Link: GAO Opinion
Agency: Department of the Army
Disposition: Protest denied.
Keywords: Technical Evaluation; Price Realism
General Counsel P.C. Highlight: A protester’s mere disagreement with the agency’s judgment in its determination of the relative merit of competing proposals does not establish that the evaluation was unreasonable.
The Department of the Army issued a request for proposals (RFP) to award a fixed-price indefinite-delivery/indefinite-quantity (ID/IQ) contract for a base year and four option years for the mobilization, lease, operation, and demobilization of dining facilities (DFACs) for soldiers and civilian personnel in Kuwait. Najilaa International Catering Services (Najilaa) was not awarded the contract and challenges the agency’s evaluation of proposed staffing levels and associated pricing of the awardee, who was also the incumbent, and claims that the agency failed to conduct meaningful discussions with Najilaa regarding the perceived excessive staffing plan.
The contract was to be awarded based on a “best value” basis that considered mission capability, strategic plans, past performance, and price. Offerors were notified in the RFP’s performance work statement (PWS) that services likely would expand or decrease during performance of the contract and to provide for greater flexibility and to limit risk, the contractor would assume the risk related to the uncertainty of the food service requirements. Also, the PWS provided that the contractor must be capable of operating the DFACs 24-hours, seven days a week, and must provide sufficient workforce to prepare, serve, clean, and maintain the facilities.
Although Najilaa’s proposal received ratings of acceptable overall under the mission capability factor and excellent for the lesser-weighted strategic plans factor, no past performance information had been submitted and so the agency assessed an unknown risk rating for that factor. The agency found Najilaa’s DFAC staffing excessive for the meal service requirements anticipated by the RFP and Najilaa was asked to provide its rationale for the staffing levels. Najilaa responded that it felt the labor quantities to be necessary to meet the PWS requirements, but the agency found this explanation insufficient. Najilaa’s final proposed price was $157 million. The awardee/incumbent’s final proposed price was $60 million.

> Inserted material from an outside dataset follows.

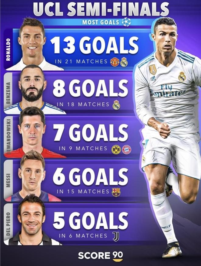 再往后看,劳尔、莱万、因扎吉、舍甫琴科、本泽马、贝尔、拉莫斯等人,也各自证明了不同类型的“含金量”。劳尔的厉害之处在于他的时代地位,他在1/4决赛和决赛榜单都能名列前茅,证明他不是只能踢顺风局,而是真能在最后阶段一锤定音。莱万虽然主要出现在半决赛榜单里,但9场打进7球,效率极高,特别是当年半决赛对皇马的4球表演,至今仍是欧冠半决赛最经典的个人得分纪录。因扎吉和舍甫琴科则是标准的大场面射手,进榜次数可能不如前两位,但只要上了榜,含金量就极高。

In reviewing a protest against an agency’s evaluation of proposals, GAO will not reevaluate proposals but instead will examine the record to determine whether the agency’s judgment was reasonable and consistent with the stated evaluation criteria. A protester’s mere disagreement with the agency’s judgment in its determination of the relative merit of competing proposals does not establish that the evaluation was unreasonable. In its review of the record and denial of the protest, GAO found that Najilaa unreasonably interpreted the PWS’s staffing requirements. GAO stated that although the PWS required the contractor to provide staffing at maximum feeling levels when the agency required, this need was anticipated as infrequent and atypical. GAO found that Najilaa was unreasonable in assuming that offerors were required to propose operations at maximum feeding levels for the entire five-year period.
As to Najilaa’s contention that the agency failed to adequately assess the realism of the awardee’s price, the GAO found that, in this case, a fixed-price contract does not require an agency to conduct a price realism evaluation. The RFP did not specifically require a price realism evaluation and did not require offerors to provide cost or pricing data.
Finally, GAO did not resolve the issue of whether the agency failed to conduct meaningful discussion with Najilaa, since the record was clear that Najilaa did not suffer competitive prejudice and Najilaa did not have a substantial chance of receiving the award. GAO stated that Najilaa never explained, specifically, how it would have changed its proposal to decrease staffing levels. GAO denied the protest.